Entries supplied:
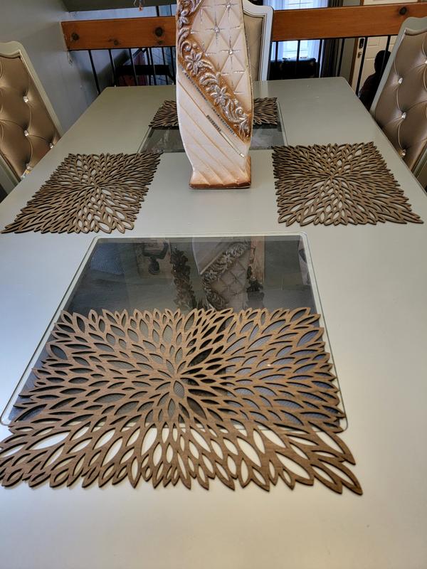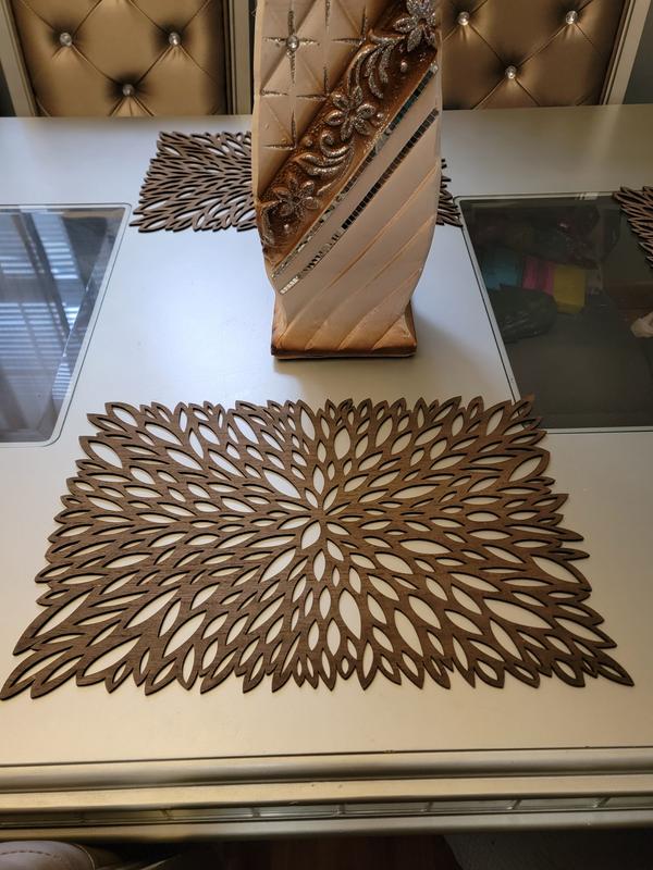 I love the designs of these placemats. They are beautiful! They work well with the decor in the dining room. They do not move around as much and stay in place. I would recommend this product to any and everyone because they are so unique and beautiful and the durability is amazing. One downfall is they are hard to clean because they are wood other than that they are great!
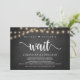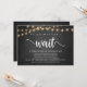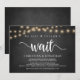 Nós simplesmente não conseguimos esperar, Anúncio de Casamento Furtivo / Cartão de convite, em quadro-negro de fazenda rústica, design de luzes de corda. Isso é perfeito para o seu casamento e festa de celebração pós-casamento. Adicione seus detalhes na fonte / letra correspondente.
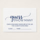 Estes marinhos de caligrafia adivinham quantos beijos os cartões de jogos são uma atividade divertida para um chá de panela elegante. Encha um frasco com os Kisses de Hersey e faça seus hóspedes adivinharem quantos doces estão no frasco. A resposta mais próxima ganha um prêmio! A design branca e azul apresenta tipografia rústica e um adorável coração romântico.
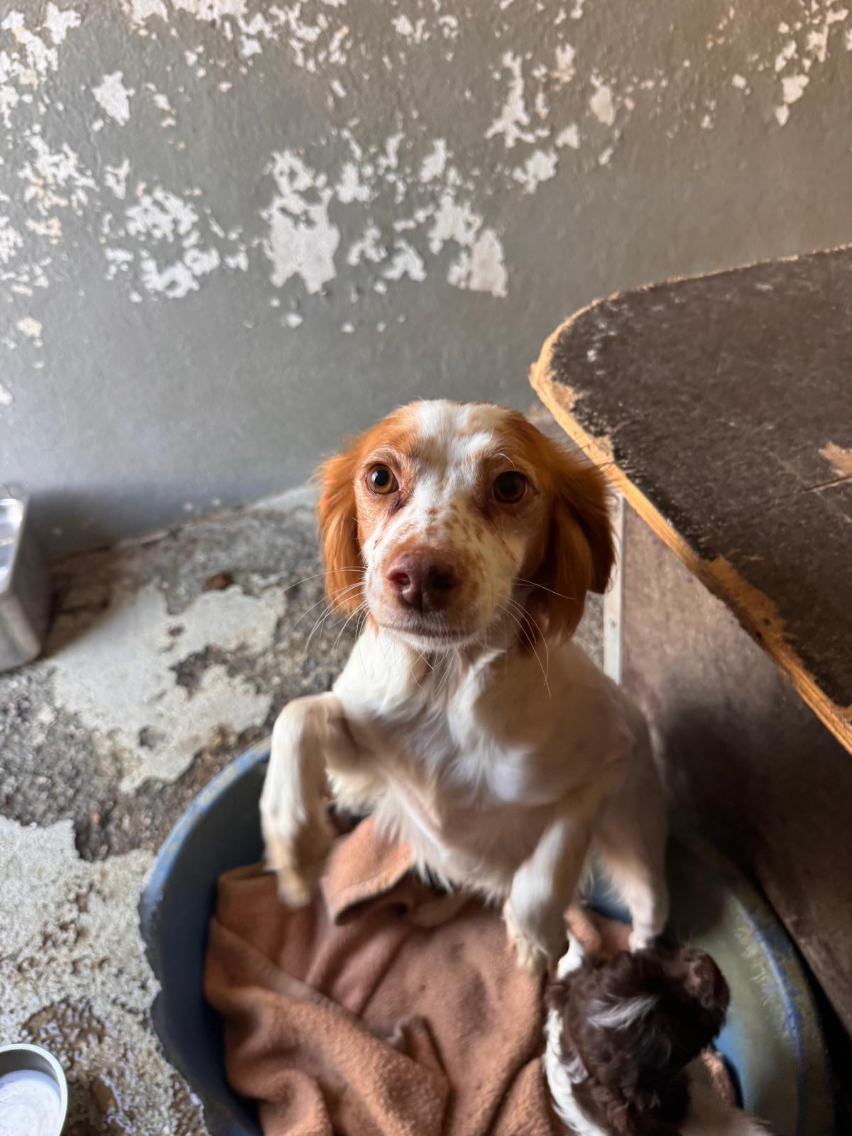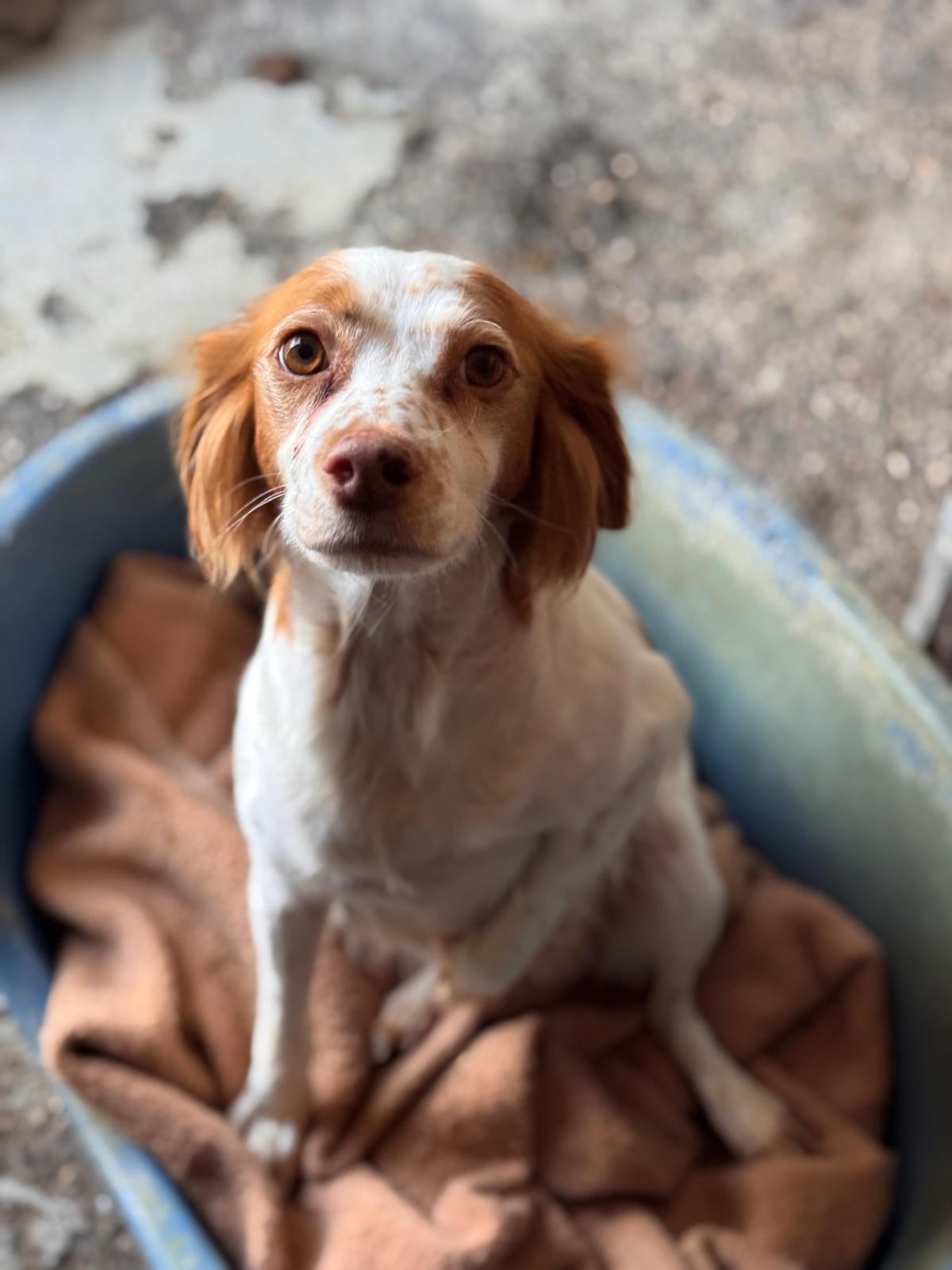 Candy ist eine hübsche und äußerst liebenswerte Bretonenhündin, die gemeinsam mit ihren Welpen ins Tierheim gebracht wurde.
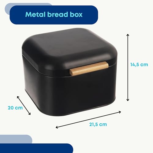 - COMPOSED OF METAL – This bread bin is constructed from durable, black metal, measuring 21.5 x 20 x 14.5 cm externally.

What is expected: This calls for each record above to be set down exactly, with the images skipped.

Response to the exercise:
 I love the designs of these placemats. They are beautiful! They work well with the decor in the dining room. They do not move around as much and stay in place. I would recommend this product to any and everyone because they are so unique and beautiful and the durability is amazing. One downfall is they are hard to clean because they are wood other than that they are great!
 Nós simplesmente não conseguimos esperar, Anúncio de Casamento Furtivo / Cartão de convite, em quadro-negro de fazenda rústica, design de luzes de corda. Isso é perfeito para o seu casamento e festa de celebração pós-casamento. Adicione seus detalhes na fonte / letra correspondente.
 Estes marinhos de caligrafia adivinham quantos beijos os cartões de jogos são uma atividade divertida para um chá de panela elegante. Encha um frasco com os Kisses de Hersey e faça seus hóspedes adivinharem quantos doces estão no frasco. A resposta mais próxima ganha um prêmio! A design branca e azul apresenta tipografia rústica e um adorável coração romântico.
 Candy ist eine hübsche und äußerst liebenswerte Bretonenhündin, die gemeinsam mit ihren Welpen ins Tierheim gebracht wurde.
 - COMPOSED OF METAL – This bread bin is constructed from durable, black metal, measuring 21.5 x 20 x 14.5 cm externally.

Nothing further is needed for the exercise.